Sitting across from Danny is Yahya Abdul-Mateen II as Will Sharp, Danny’s younger adoptive brother who walked out on him and their family’s criminal past a long time ago, but who now in desperation is drawn back to his brother’s criminal impulses. Where Danny is the impulse of Ambulance, Will is the film’s conscious. Abdul-Mateen II’s Will is a direct contradiction to Gyllenhaal’s Danny and their back and forth, which ranges from a close brotherhood bond to a vindictive and situation-induced hatred for one another keeps you on edge as an audience member. Abdul-Mateen II also shares a great chemistry with Gyllenhaal and you easily buy into their shared past as brothers as his stance as a good man in a bad situation tests his ability as a performer.
Stuck in between the Sharp brothers and staring into the barrel of a gun is Eiza Gonzalez as quick-thinking and wipsmart EMT Cam Thompson. Regarded as the best EMT working on the job, but who has a problem dealing with people and just compartmentalizing the carnage that she has to deal with day in and day out, Gonzalez’s Cam soon finds herself in the middle of an even more hectic situation and she becomes a foil for Danny and Will’s escape. While she might have a gun pointed at her, Cam is in no way any type of victim and she gets right in Danny’s face, especially when it comes to keeping the wounded cop alive in the back of her ambulance, the only insurance that Danny and Will have of any chance of survival.
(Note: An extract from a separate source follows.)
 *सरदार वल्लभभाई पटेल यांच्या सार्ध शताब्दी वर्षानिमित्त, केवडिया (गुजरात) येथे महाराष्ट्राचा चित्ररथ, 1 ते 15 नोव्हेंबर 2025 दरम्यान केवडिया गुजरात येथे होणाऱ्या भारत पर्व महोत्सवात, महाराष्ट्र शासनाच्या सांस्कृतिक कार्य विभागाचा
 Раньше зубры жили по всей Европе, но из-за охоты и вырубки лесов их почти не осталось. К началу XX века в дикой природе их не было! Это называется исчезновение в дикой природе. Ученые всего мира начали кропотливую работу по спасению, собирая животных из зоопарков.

The narrative and fast pace of Ambulance certainly test Gonzalez as a performer and she stands up to the pressure and delivers a solid performance.
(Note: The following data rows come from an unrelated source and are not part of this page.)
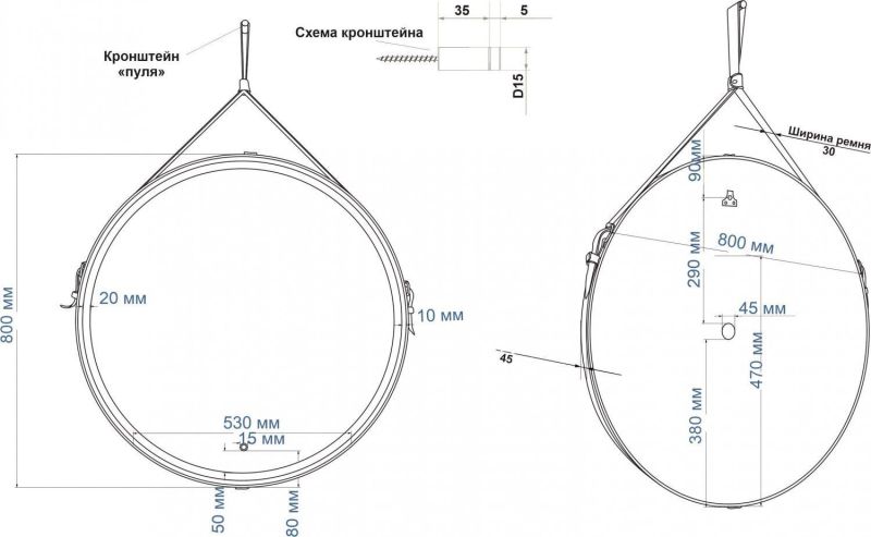 Зеркало Art&Max выполнено в современном стиле и отлично дополнит интерьер любой ванной комнаты. Благодаря подвесной конструкции модель не занимает много места, что позволяет экономить пространство в небольшой ванной комнате. Модель оснащена ремнем и встроенной светодиодной LED подсветкой с диммером. Ремень выполнен из натуральной кожи белого цвета.В комплект поставки входит крепеж и ремень.Особенности: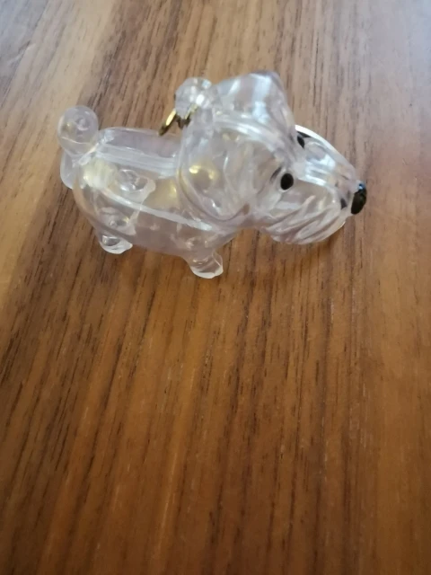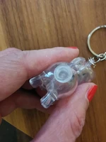 Very cute dog keychain to take some hair of your favorite pet always with you. We put them through the back, closed by a rubber tip. You have to be careful.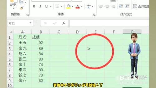 表格中大于等于≥符号就输入了。

With Ambulance you’re very much a participant in the action and narrative of this fast-paced blockbuster and during the extreme moments of this film, you feel like you’re fully immersed in it, rather than just being a mere spectator. Bay holds nothing back with this bold and intense piece of cinema and you can literally smell the gun powder as he turns the streets of Los Angeles into a wrecking yard and things get crazier by the minute. While the carnage is mad and in your face, Bay’s reliance on practical effects makes the intensity of this film real, and there’s no doubting that the chaos that he orchestrates is anything but authentic. Bay makes Ambulance a true blockbuster spectacle and it’s a pulse-pounding experience to witness up close.
By the time the credits begin to roll on Ambulance, your adrenal gland will be working overtime and the adrenaline will be surging through your veins. This is a blockbuster film that doesn’t stop for a second and it’s one hell of a fun ride.